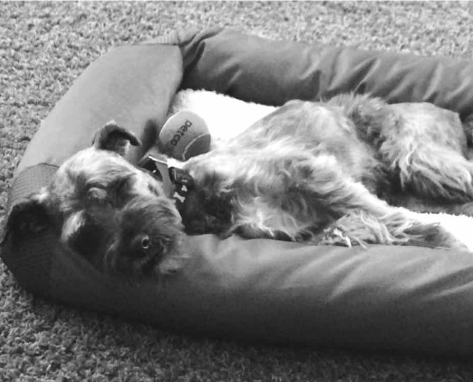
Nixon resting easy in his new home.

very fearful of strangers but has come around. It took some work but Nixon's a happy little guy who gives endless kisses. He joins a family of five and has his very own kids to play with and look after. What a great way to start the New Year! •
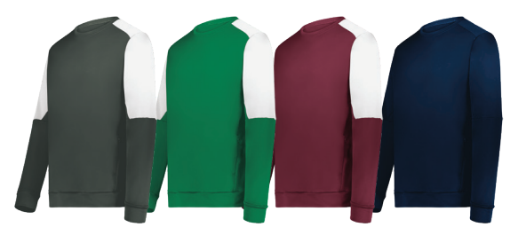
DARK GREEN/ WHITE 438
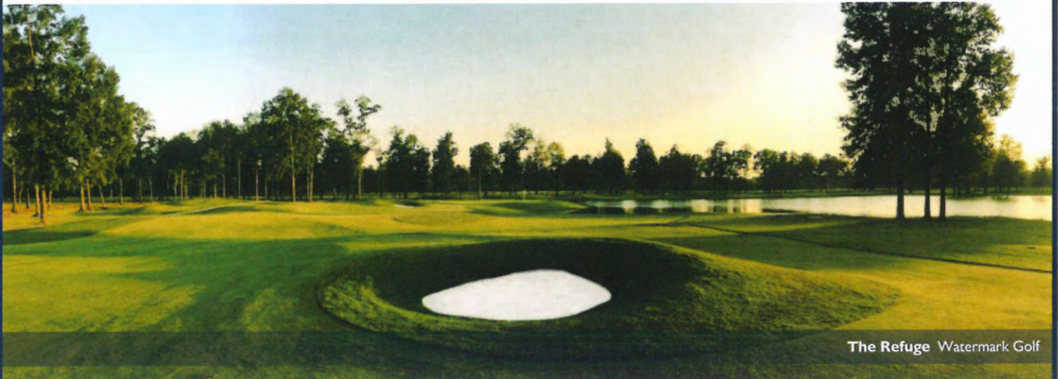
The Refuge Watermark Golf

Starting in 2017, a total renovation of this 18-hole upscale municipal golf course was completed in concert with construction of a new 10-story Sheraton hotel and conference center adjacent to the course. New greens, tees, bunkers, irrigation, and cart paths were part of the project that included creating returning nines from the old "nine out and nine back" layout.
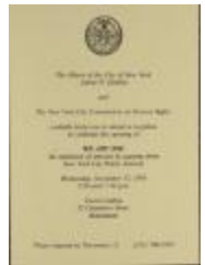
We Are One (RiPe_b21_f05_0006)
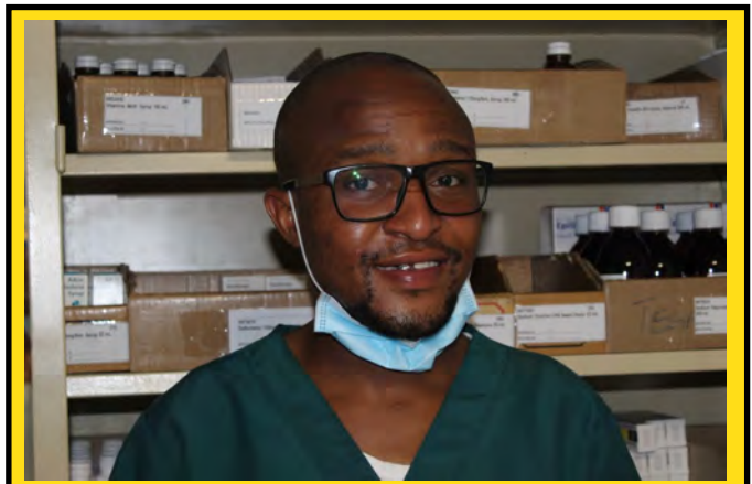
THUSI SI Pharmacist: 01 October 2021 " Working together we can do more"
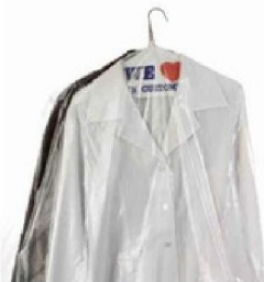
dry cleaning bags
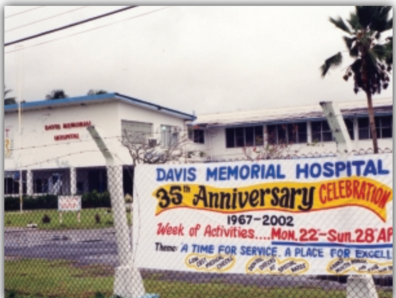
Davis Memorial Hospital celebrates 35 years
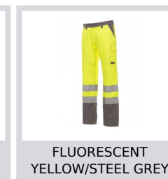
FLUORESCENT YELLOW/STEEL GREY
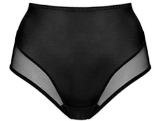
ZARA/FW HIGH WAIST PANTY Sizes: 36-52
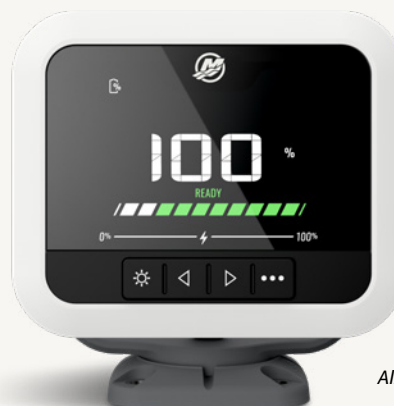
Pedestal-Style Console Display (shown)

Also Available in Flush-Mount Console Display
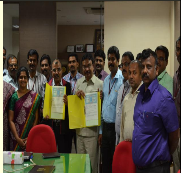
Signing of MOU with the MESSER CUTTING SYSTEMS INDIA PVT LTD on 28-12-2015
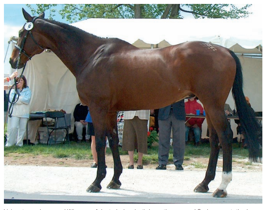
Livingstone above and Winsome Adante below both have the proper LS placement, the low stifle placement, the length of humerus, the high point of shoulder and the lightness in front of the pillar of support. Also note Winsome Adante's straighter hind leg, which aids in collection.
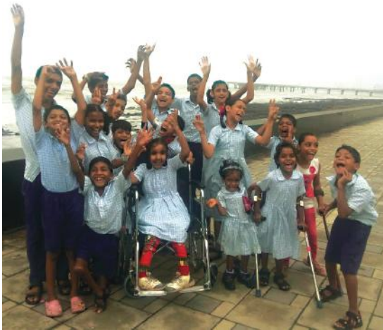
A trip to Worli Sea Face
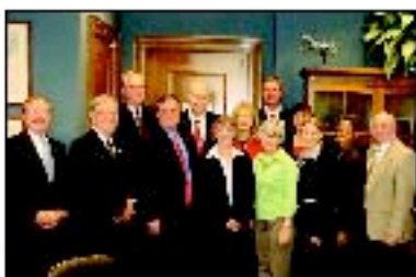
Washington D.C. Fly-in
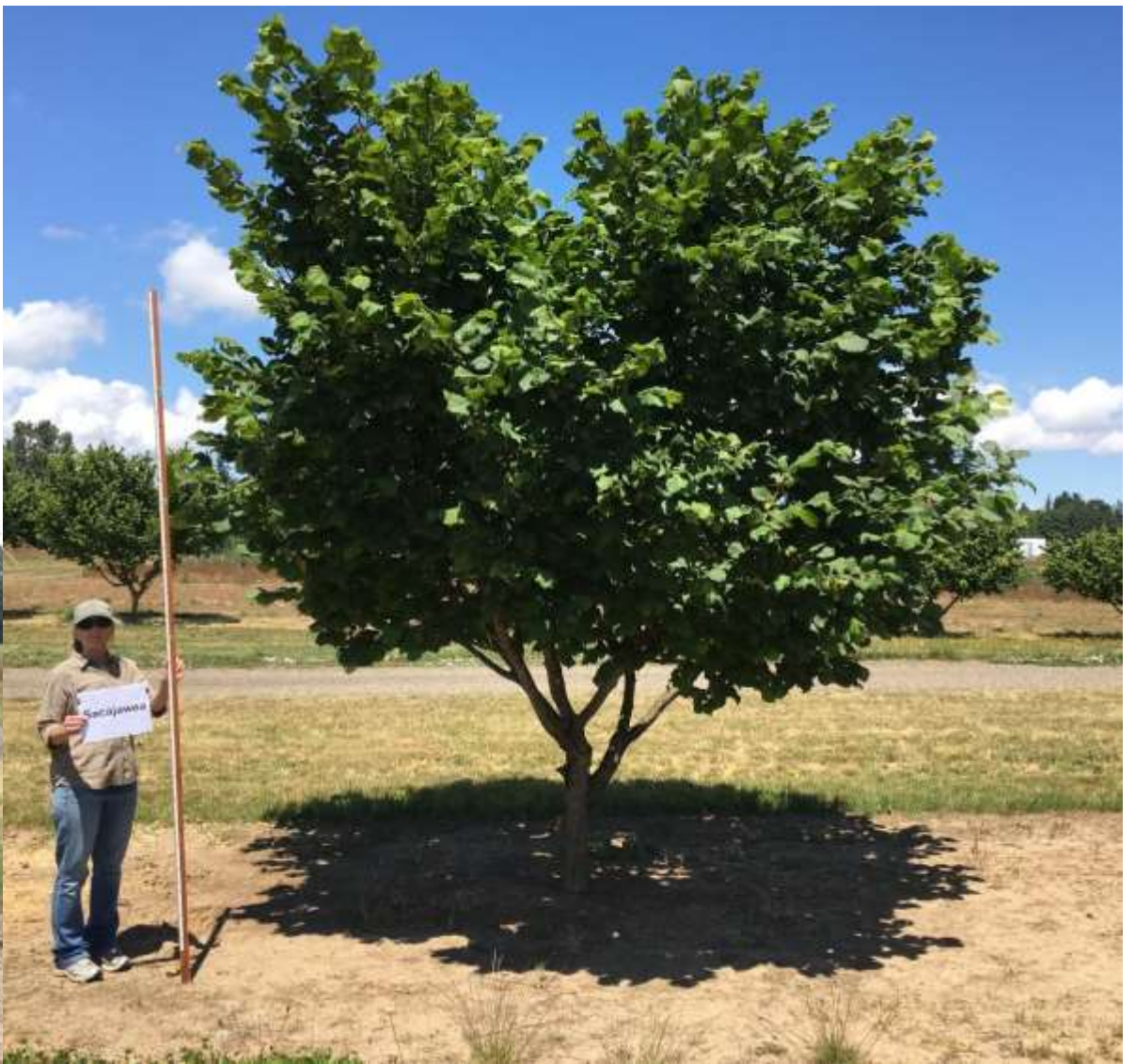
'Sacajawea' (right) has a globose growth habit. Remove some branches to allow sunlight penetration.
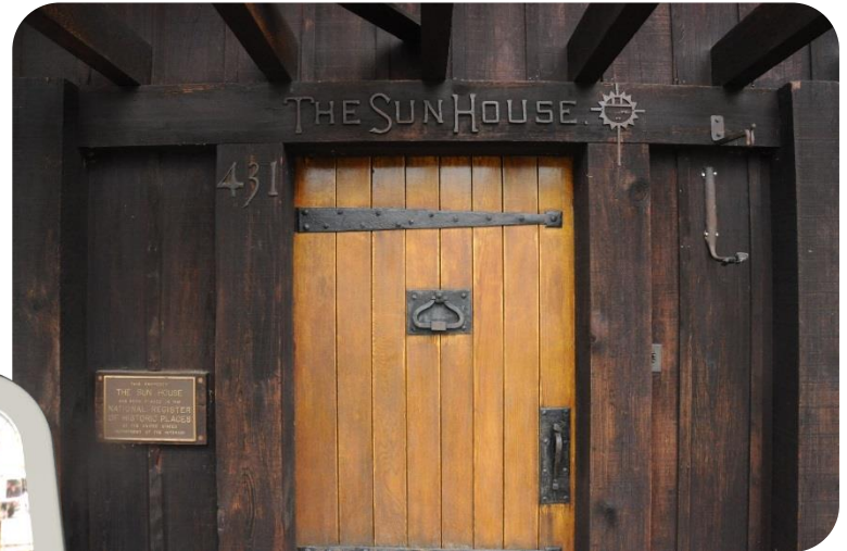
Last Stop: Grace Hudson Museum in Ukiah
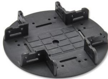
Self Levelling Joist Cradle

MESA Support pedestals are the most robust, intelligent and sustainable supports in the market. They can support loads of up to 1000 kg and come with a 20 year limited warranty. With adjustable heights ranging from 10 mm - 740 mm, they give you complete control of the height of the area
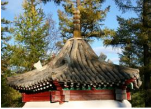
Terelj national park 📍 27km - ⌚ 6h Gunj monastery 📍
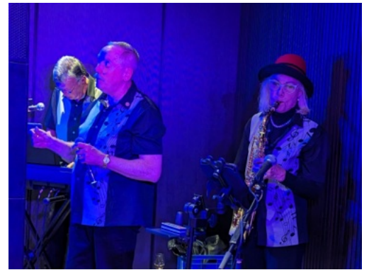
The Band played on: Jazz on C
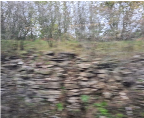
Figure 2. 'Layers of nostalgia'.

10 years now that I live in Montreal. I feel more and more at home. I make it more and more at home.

YOUR INSTRUCTIONS
Display each line of the data where "Console" occurs.

RESPONSE BELOW
Pedestal-Style Console Display (shown)
Also Available in Flush-Mount Console Display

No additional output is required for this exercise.